All the answers here seem right: locks' usefulness is to block threads from acessing locked code concurrently. However, there are many subtleties in this field, one of which is that locked blocks of code are automatically marked as critical regions by the Common Language Runtime.
The effect of code being marked as critical is that, if the entire region cannot be entirely executed, the runtime may consider that your entire Application Domain is potentially jeopardized and, therefore, unload it from memory. To quote MSDN:
For example, consider a task that attempts to allocate memory while holding a lock. If the memory allocation fails, aborting the current task is not sufficient to ensure stability of the AppDomain, because there can be other tasks in the domain waiting for the same lock. If the current task is terminated, other tasks could be deadlocked.
Therefore, even though your application is single-threaded, this may be a hazard for you. Consider that one method in a locked block throws an exception that is eventually not handled within the block. Even if the exception is dealt as it bubbles up through the call stack, your critical region of code didn't finish normally. And who knows how the CLR will react?
For more info, read this article on the perils of Thread.Abort().
Bear in mind that there might be reasons why your application is not as single-threaded as you think.
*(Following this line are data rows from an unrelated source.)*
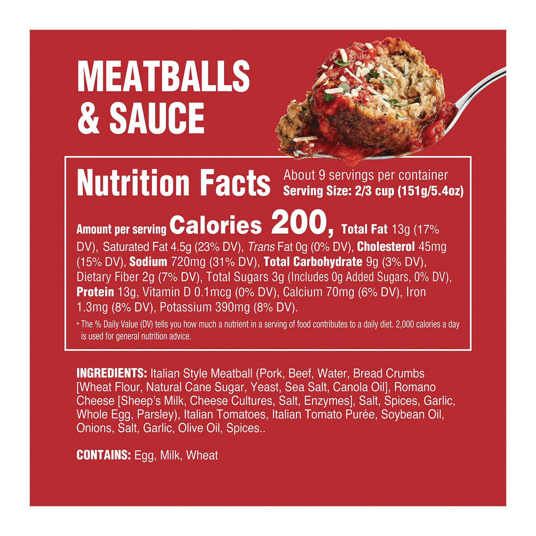 Ingredients: Meatballs (Pork, Beef, Water, Breadcrumbs [Wheat Flour, Cane Sugar, Yeast, Sea Salt, Canola Oil], Romano Cheese [Sheep’s Milk, Cheese Cultures, Salt and Rennet], Whole Egg, Parsley, Salt, Garlic, Spices), Italian Whole Peeled Tomatoes (Tomatoes, Salt, Basil Leaf),Olive Oil, Onions, Salt, Garlic, Spices. Contains: Milk, Eggs, Wheat.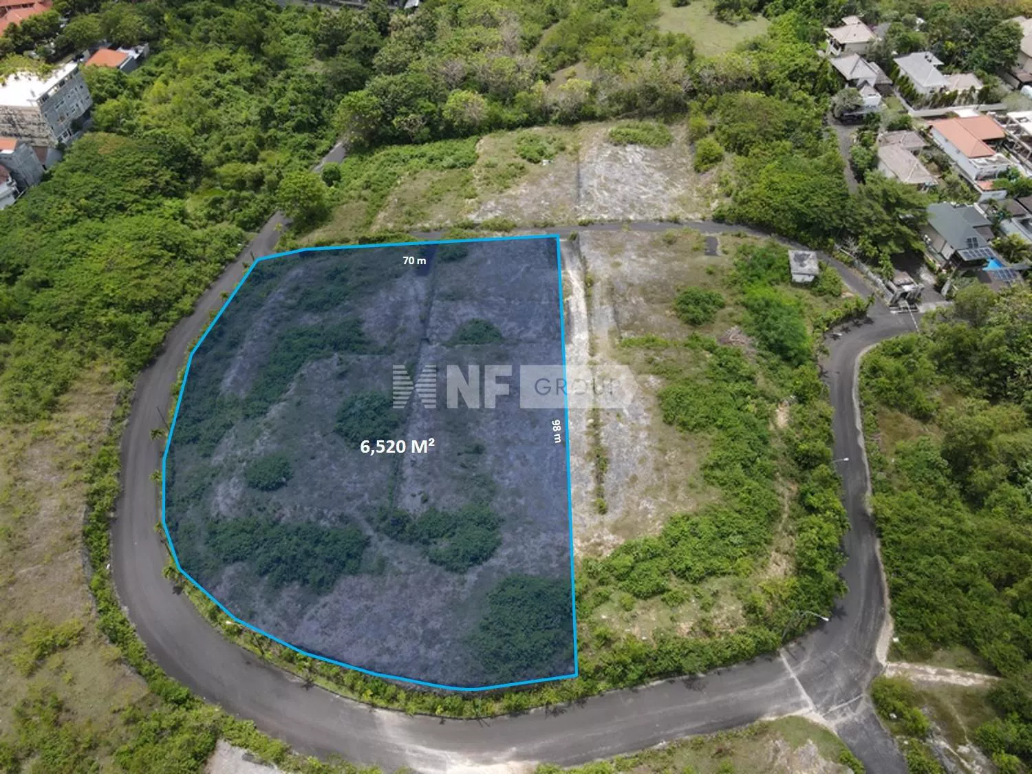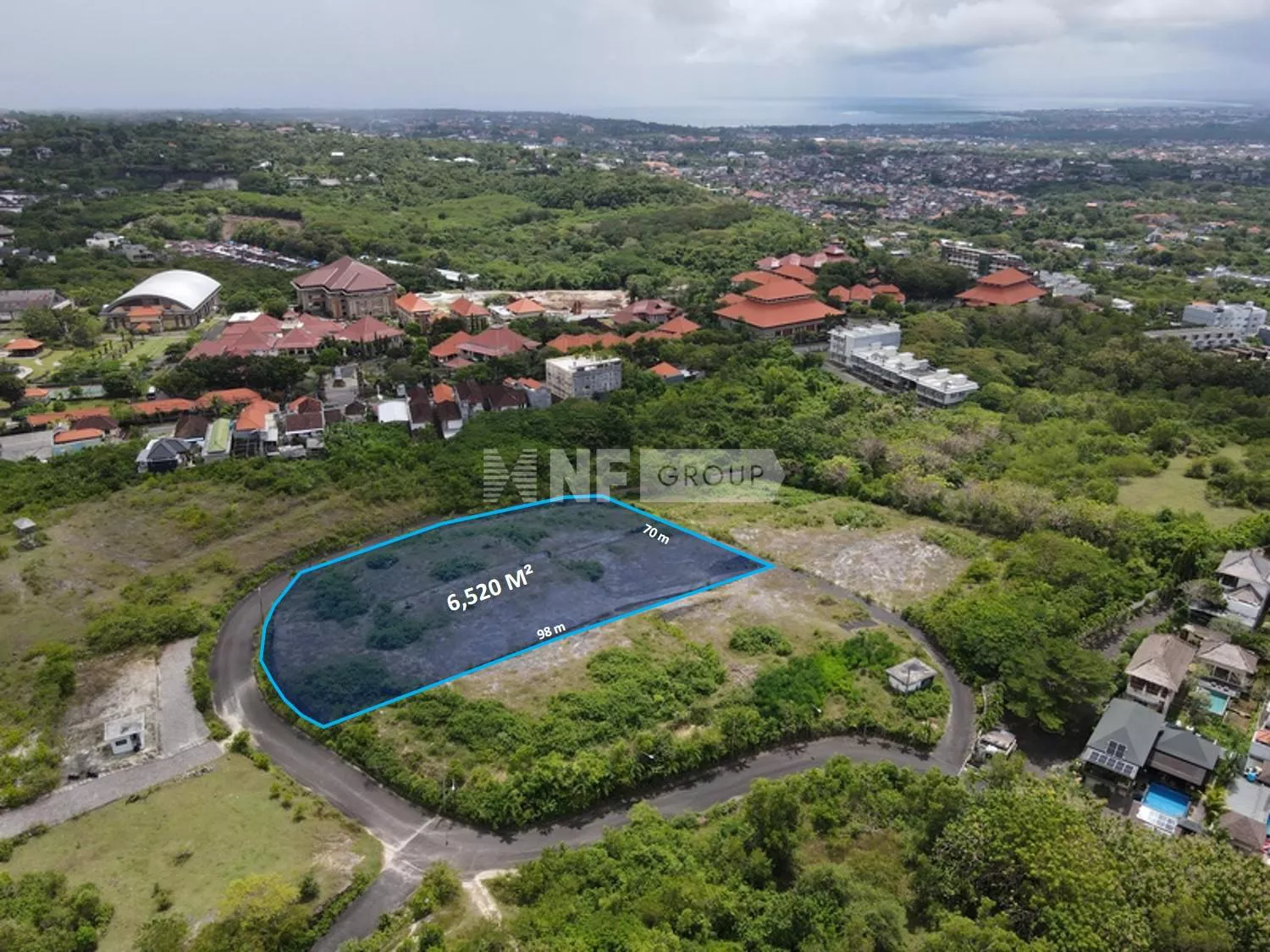 Ocean view land on a plateau in the hills above Nusa Dua. Over 6520 sqm of land offers amazing development opportunities. Incredible 270-degree views are afforded by the high position of this land.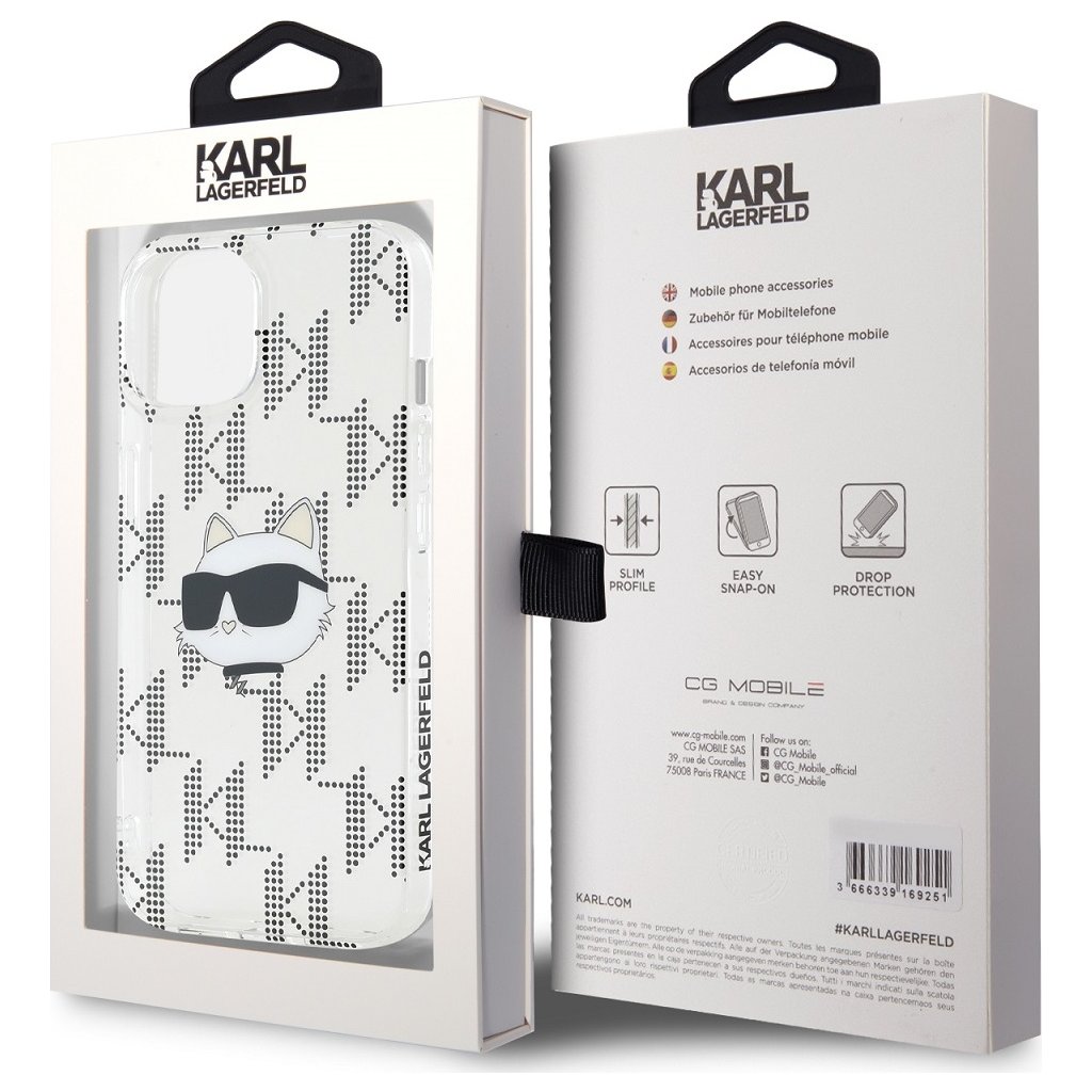 Ochranný kryt na iPhone 15 - Karl Lagerfeld, IML Electroplated Choupette Head Transparent

Async I/O in .NET may well call-back on a pool thread, for example, as do some of the various timer classes (not the Windows Forms Timer, though).
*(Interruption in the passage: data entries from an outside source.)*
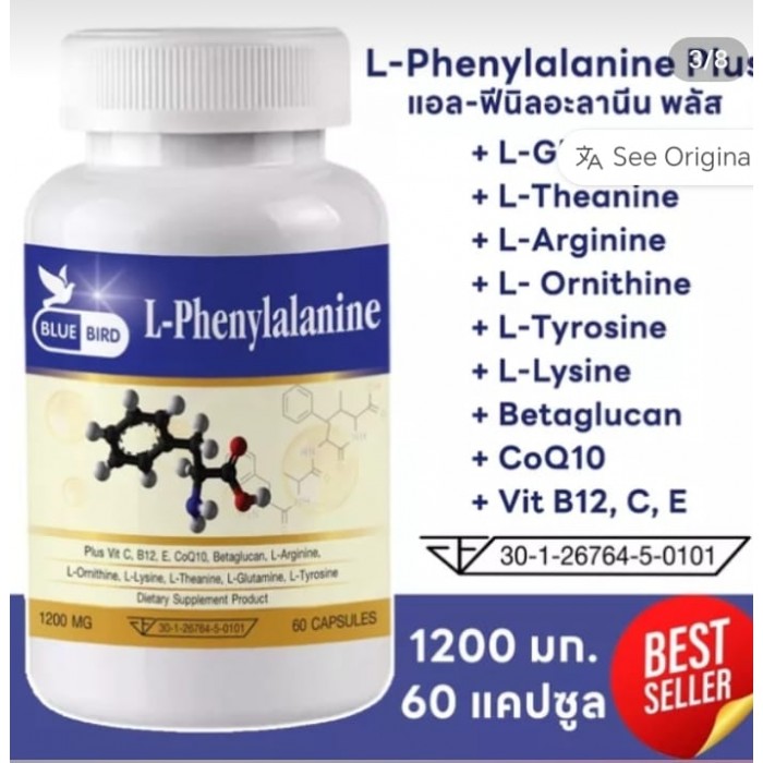 Это биологически активная добавка (БАД) тайского бренда Blue Bird, основным компонентом которой является аминокислота L-Фенилаланин.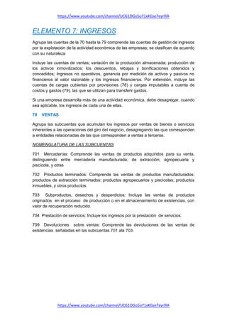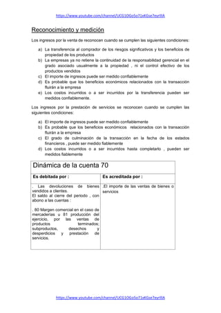 El documento detalla la clasificación y reconocimiento de las cuentas de ingresos en la contabilidad empresarial. Se explican las cuentas específicas relacionadas con ventas, variaciones de producción almacenada, y producción de activos inmovilizados, entre otros, así como los criterios para su medición y registro contable. Además, incluye ejemplos prácticos de cómo registrar estas transacciones contables.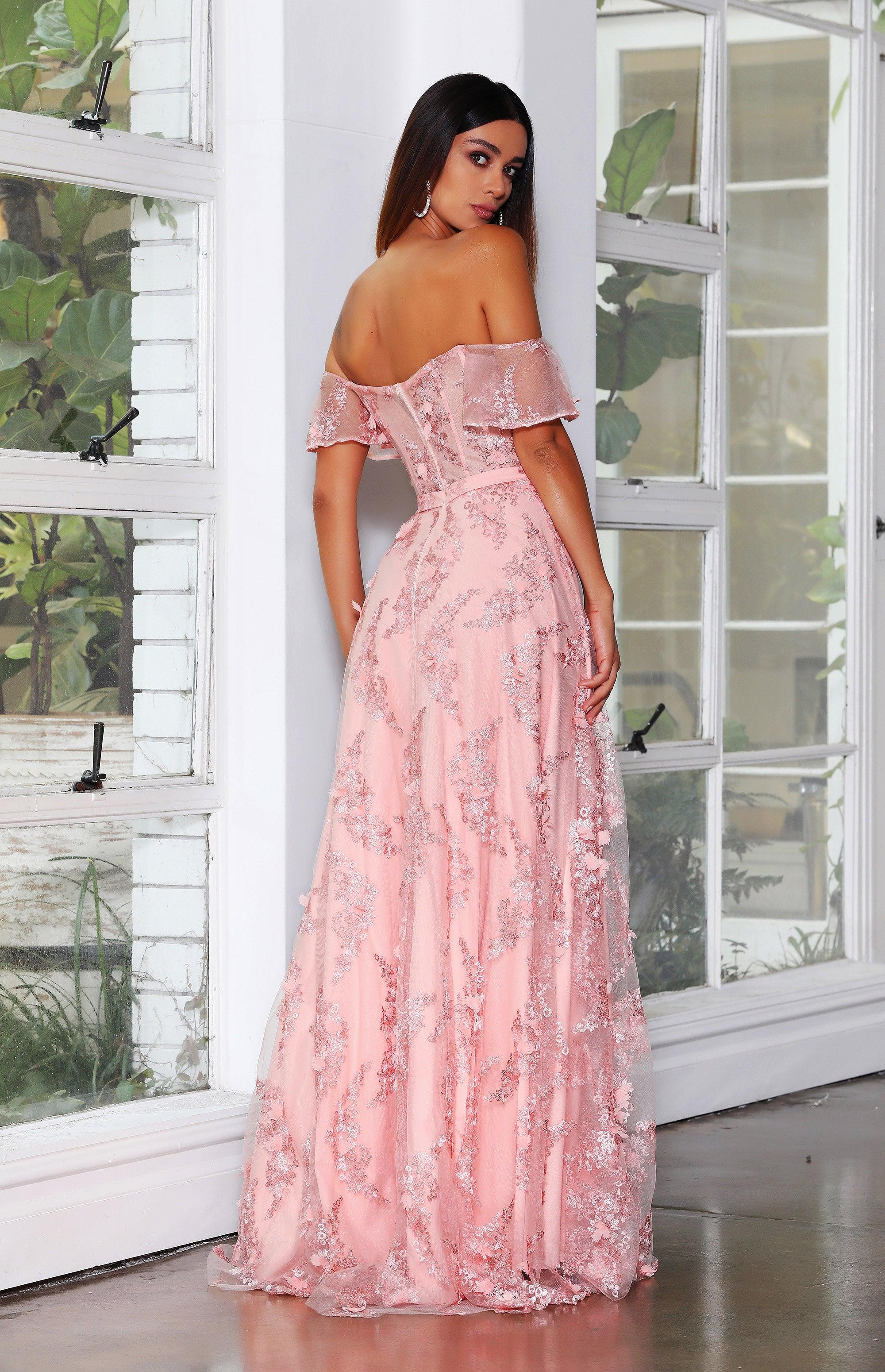 This gown is stunning, the Enchanted Gown by Jadore features an off the shoulder neckline with gorgeous 3D floral detailing throughout.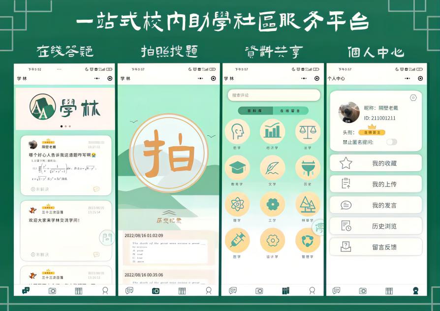 2022年8月23日上午九時,由北京林業(yè)大學(xué)信息學(xué)院蘇曉慧老師和劉宇通老師指導(dǎo)的“學(xué)林”小程序開發(fā)實踐團隊已正式公布6.0版本的更新。“學(xué)林”是一款由來自北京林業(yè)大學(xué)信息學(xué)院的本科學(xué)生自主立項開發(fā)的一體式在線學(xué)習(xí)答疑小程序,應(yīng)用了包括前端開發(fā)、數(shù)據(jù)庫搭建等方面的專業(yè)知識,由在線答疑、拍照搜題、資料共享、個人中心四個主模塊構(gòu)成。團隊名稱“學(xué)林”取自《漢書·敘傳下》中的“函雅故,通古今,正文字,惟學(xué)林”,意為學(xué)問的總匯。“學(xué)林”的宗旨是將團隊學(xué)到的信息技術(shù)轉(zhuǎn)化為對于社會實際有用的成果,通過搭建一體式學(xué)習(xí)小程序“學(xué)林”來幫助同學(xué)們更好地學(xué)習(xí)進步。

Generally speaking if your application is single threaded, you're not going to get much use out of the lock statement. Not knowing your application exactly, I don't know if they're useful or not - but I suspect not. Further, if you're application is using lock everywhere I don't know that I would feel all that confident about it working in a multi-threaded environment anyways - did the original developer actually know how to develop multi-threaded code, or did they just add lock statements everywhere in the vague hope that that would do the trick?
lock should be used around the code that modifies shared state, state that is modified by other threads concurrently, and those other treads must take the same lock.
A lock is actually a memory access serializer, the threads (that take the lock) will wait on the lock to enter until the current thread exits the lock, so memory access is serialized.
To answer you question lock is not needed in a single threaded application, and it does have performance side effects. because locks in C# are based on kernel sync objects and every lock you take creates a transition to kernel mode from user mode.
If you're interested in multithreading performance a good place to start is MSDN threading guidelines
You can have performance issues with locking variables, but normally, you'd construct your code to minimize the lengths of time that are spent inside a 'locked' block of code.
As far as removing the locks. It'll depend on what exactly the code is doing. Even though it's single threaded, if your object is implemented as a Singleton, it's possible that you'll have multiple clients using an instance of it (in memory, on a server) at the same time..
Yes, there will be some performance penalty when using lock but it is generally neglible enough to not matter.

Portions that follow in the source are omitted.